CPU采用5段流水线,如**图2**,目前支持的流水线特性包括:Forward、Loaduse、总线握手等待。

| ![CPU](./figures/CPU.png) |
| :-----------------------: |
| **图2**:CPU 结构 |

# 硬件设计代码

| 目录名 | 说明 |
| ------------ | ------------------------------------------------------------ |
| RTL | 全部的 SystemVerilog 代码,其中 soc_top.sv 是整个 SoC 的顶层 |
| FPGA-Arty7 | 基于 Arty7 开发板的 Vivado 工程 |
| FPGA-Nexys4 | 基于 Nexys4 开发板的 Vivado 工程 |
| FPGA-DE0Nano | 基于 DE0Nano 开发板的 Quartus 工程 |
| SIM-CPU | 仿真:对 CPU 进行的指令集测试(使用 RISC-V 官方测试程序) |
| SIM-SoC | 仿真:对整个 SoC 的仿真 |

请注意,所有工程共用 RTL 目录,因此在一个工程里修改代码也会导致其它工程中的代码发生变化。

# 部署到FPGA

目前,我提供了 Xilinx 的 **Nexys4 开发板** 、 **Arty7 开发板** 和 Altera 的 **DE0-Nano 开发板** 的工程。

为了进行部署和测试,你需要准备以下的东西:

* **Windows7 系统** 或更高版本的 PC(如果使用 Linux 则很难用上我提供的两个C\#编写的工具)
* **Nexys4 开发板** 或 **Arty7 开发板** 或 **DE0-Nano 开发板** 或其它 FPGA 开发板
* 如果你的开发板没有自带 USB 转 UART 电路(例如 DE0-Nano),则需要一个 **USB转UART模块**

* 开发板对应的开发环境,例如 Nexys4 和 Arty7 开发板对应 Vivado,DE0-Nano 对应 Quartus
* 可选:屏幕、VGA线

## 部署到 Nexys4

| ![nexys4-connection](./figures/nexys4-connection.png) |
| :---------------------------------------------------: |
| **图3**:Nexys4 的硬件连接方法 |

1. **硬件连接**:如**图3**,Nexys4 开发板上有一个 USB 口,既可以用于 FPGA 烧录,也可以用于 UART 通信,我们需要连接该 USB 口到电脑。

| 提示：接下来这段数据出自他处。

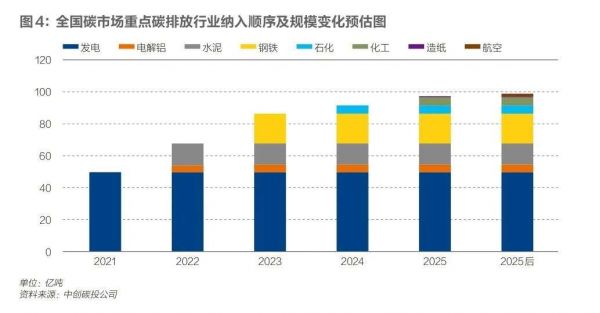 在碳市场涵盖的范围方面,未来以怎样的节奏纳入更多行业,尚未明确。首个控排行业发电行业的碳排放总量约为40亿吨,若电解铝、水泥、钢铁、化工、造纸、石化、航空等七大高耗能行业全部纳入全国碳市场,碳排放总量预计在80亿/年吨至100亿吨/年之间。
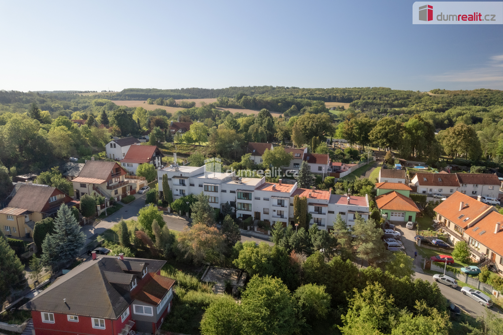 Ze zahrady se dá vyjít do ulice Na Vršku. A z vršku zahrady se dá rozhlédnout po přilehlých kopcích a střechách sousedních domů.
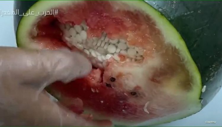 وكانت كل بطيخة تحتوي على كيس شفاف مغلق به كمية كبيرة من حبوب الإمفيتامين المخدرة.
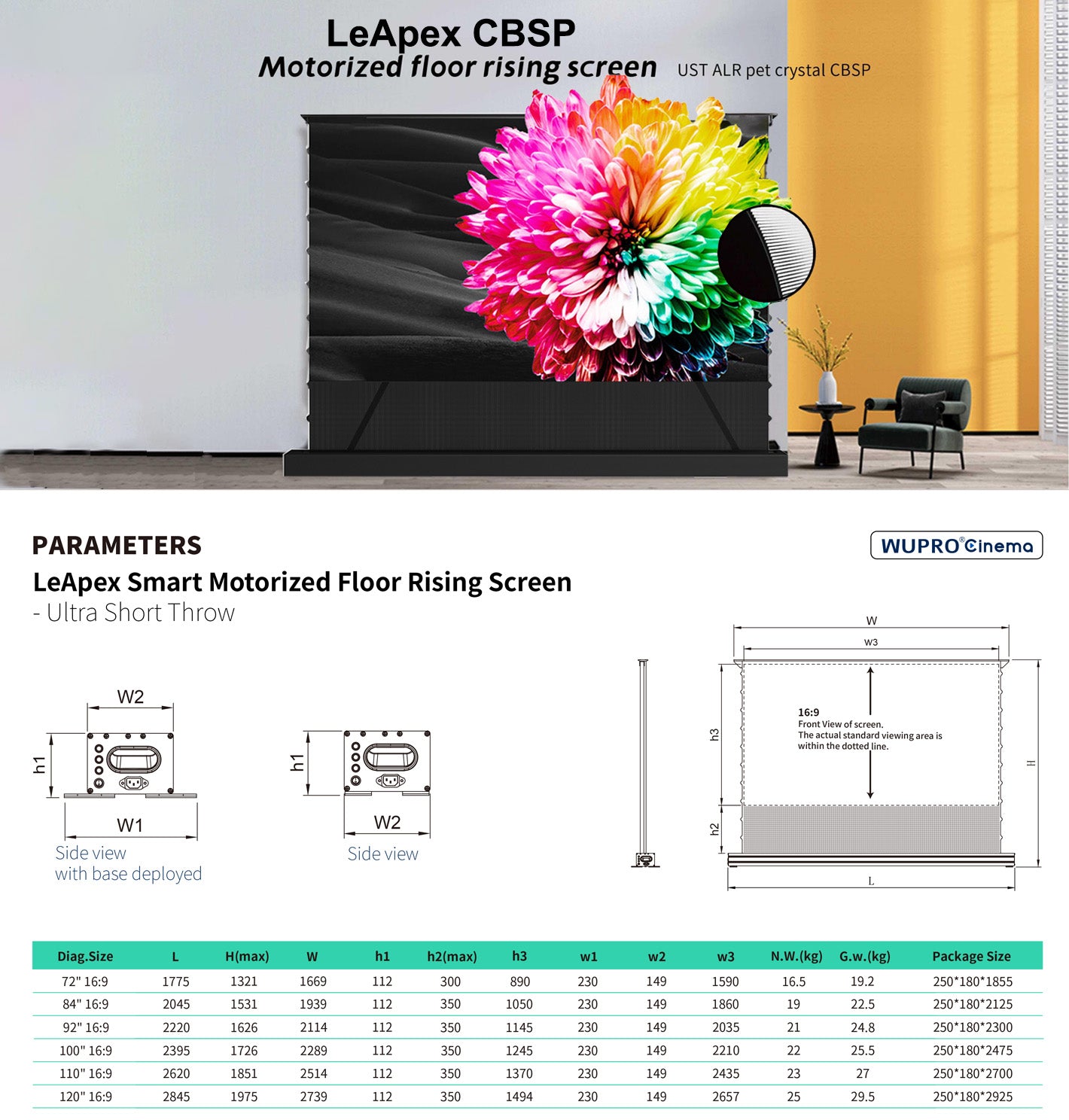 - If your screen is WUPRO LeApex series:We will customize it according to the following dimensions by default, or you can tell us the size you want

另外,VGA 的连接是可选的,你可以把它连接到屏幕上。
2. **综合、烧写**:请用 Vivado 打开工程 **FPGA-Nexys4/USTCRVSoC-nexys4.xpr** 。综合并烧写。

## 部署到 Arty7

1. **硬件连接**:Arty7 开发板上有一个 USB 口,既可以用于 FPGA 烧录,也可以用于 UART 通信,我们需要连接该 USB 口到电脑。
2. **综合、烧写**:请用 Vivado 打开工程 **FPGA-Arty7/USTCRVSoC-Arty7.xpr** 。综合并烧写。

## 部署到 DE0-Nano

| ![DE0-Nano](./figures/DE0-Nano.png) |
| :---------------------------------: |
| **图4**:DE0-Nano 的硬件连接方法 |

1. **硬件连接**:DE0-Nano开发板上既没有USB转UART,也没有VGA接口。因此需要外部模块,以及一些动手能力。我们使用DE0-Nano上的两排GPIO作为外接模块的引脚,接口含义如**图4**。你需要一个USB转UART的模块,将UART的TX和RX引脚连接上去,使之能与电脑通信。VGA的连接是可选的,需要符合上图中VGA的引脚定义。最后连接的效果如**图5**。
2. **综合、烧写**:请用 Quartus 打开 **FPGA-DE0Nano/DE0Nano_USTCRVSoC.qpf**。综合并烧写。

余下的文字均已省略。